Airbus Posts Solid Second Quarter as It Prepares to Significantly Ramp Production

Business Strategy & Outlook

Airbus primarily generates revenue through manufacturing commercial aircraft. It benefits immensely from being in a duopoly with Boeing in the commercial aircraft manufacturing business for aircraft 130 seats and up; the companies act as a funnel through which all commercial aircraft demand must flow. This allows both companies to actively manage their order backlogs to reduce cyclicality, despite the intense cyclicality of the customer base. Airbus’ commercial aircraft segment can broadly be split into two parts: nimble narrow-bodied planes that are ideal for efficiently running high-frequency short-haul routes, and wide-bodied behemoths that are generally reserved for transcontinental flights. Recently, narrow-body volume has increased substantially due to the global rise of low-cost carriers and improved technology that allows smaller airplanes to operate flight paths that were previously unprofitable.

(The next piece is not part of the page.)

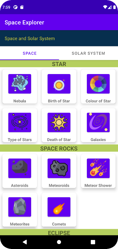 รู้จักลักษณะของดาวเคราะห์ที่ประกอบกันเป็นระบบสุริยะ เช่น ดวงอาทิตย์ ดาวพุธ ดาวศุกร์ ดาวอังคาร ดาวพฤหัสบดี ดาวเสาร์ ดาวยูเรนัส ดาวเนปจูน ดาวบริวารของโลก เซเรส ดาวพลูโต เฮาเมอา มาเกะมาเกะ และเอริส ตลอดจน ดาวเคราะห์แคระ Ceres, Pluto และ Eris เรียนรู้เกี่ยวกับดวงดาว เนบิวลา การกำเนิดของดาว การตายของดาว ประเภทของดาว สีของดาว และกาแล็กซี รู้เรื่องดาวหาง ฝนดาวตก อุกกาบาต และดาวเคราะห์น้อย เรียนรู้เกี่ยวกับดาวหาง รุ้งกินน้ำ พระอาทิตย์ทรงกลด แสงเหนือและแสงใต้ (ออโรร่า บอเรลลิส ออโรร่า ออสตราลิส) ทำความคุ้นเคยกับสุริยุปราคาและจันทรุปราคา รูปภาพของดวงดาว กาแล็กซี เนบิวลา สุริยุปราคา หินอวกาศ และอื่นๆ ไม่มีโฆษณาแบบรูปภาพ

 Domestic flights have recovered from the pandemic much more quickly than international flights as well, so airlines are more comfortable ordering small aircraft rather than large. Critically, Airbus does not have much competition in the high end of the narrow-body market. This aircraft will enable fleet growth and may replace many aging midsize aircraft. On the wide-body side of the market, there’s a much slower growth, as expected improving technology will allow airlines to substitute narrow bodies for wide bodies for an increasing number of routes. Airbus has a competitive wide-body offering, the A350, though backlogs suggest that Boeing’s comparable 777, 777X, and 787 offerings resonate more with customers. Airbus also has segments dedicated to the production of defense-specific products and helicopter manufacturing. These businesses are less material to Airbus as a whole, generating slightly over 10% of midcycle EBIT. The modest growth from these segments, largely assuming that defense spending as a proportion of gross domestic product remains constant in the European Union and that helicopter deliveries rebound over the medium term.

Financial Strengths

The Airbus is well capitalized. The company ended the year with significant liquidity and is producing positive cash flow despite the distressed market. Vaccinations have encouraged domestic travel resumption in the developed world. Morningstar anticipates that the COVID-19 vaccine will be broadly distributed in the emerging world by 2022, which will allow a robust rebound in commercial air traffic. One does not think liquidity is a concern for Airbus, as the operating environment will improve markedly in the coming quarters and the company is already generating free cash flow. The company ended 2021 in a net cash position. Forward EBITDA covers forward interest expense many times, suggesting that interest obligations are easily covered. Airbus has a sizable pension obligation, but this will be manageable. The Airbus could access the capital markets, if necessary, given it has produced free cash flow during a travel shock. In March 2020, Airbus secured access to a EUR 15 billion line of credit, which supports this thesis. Given Airbus’ massive backlog, proven relationships with customers, and minimal debt burden, one doesn’t think there is a material possibility of financial distress over the forecast period. In March 2020, Airbus suspended its dividend to conserve liquidity as the coronavirus crisis shook the aviation industry. Airbus proposed a dividend during the fourth-quarter 2021 earnings review to be paid out in 2022, and it will grow its dividend with increased earnings per share.

Bulls Say

  • Airbus’ A320 family continues to have a substantial lead in the valuable narrow-body market, and the A321XLR has the potential to open new long-range routes to low-cost carriers. 
  • Airbus is well positioned to benefit from emerging market growth in revenue passenger kilometers and a robust developed-market replacement cycle. 
  • The commercial airframe manufacturing for aircraft 130 seats and up will remain a duopoly over the foreseeable future. The customers will not have many options other than continuing to rely on incumbents.

Company Description

Airbus is a major aerospace and defense firm. The company designs, develops, and manufactures commercial and military aircraft, as well as space launch vehicles and satellites. The company operates its business through three divisions: commercial, defense and space, and helicopters. Commercial offers a full range of aircraft ranging from the narrow-body (130-200 seats) A320 series to the much larger A350-1000 wide body. The defense and space segment supplies governments with military hardware, including transport aircraft, aerial tankers, and fighter aircraft (Eurofighter). The helicopter division manufactures turbine helicopters for the civil and parapublic markets.

(Source: Morningstar)

DISCLAIMER for General Advice: (This document is for general advice only).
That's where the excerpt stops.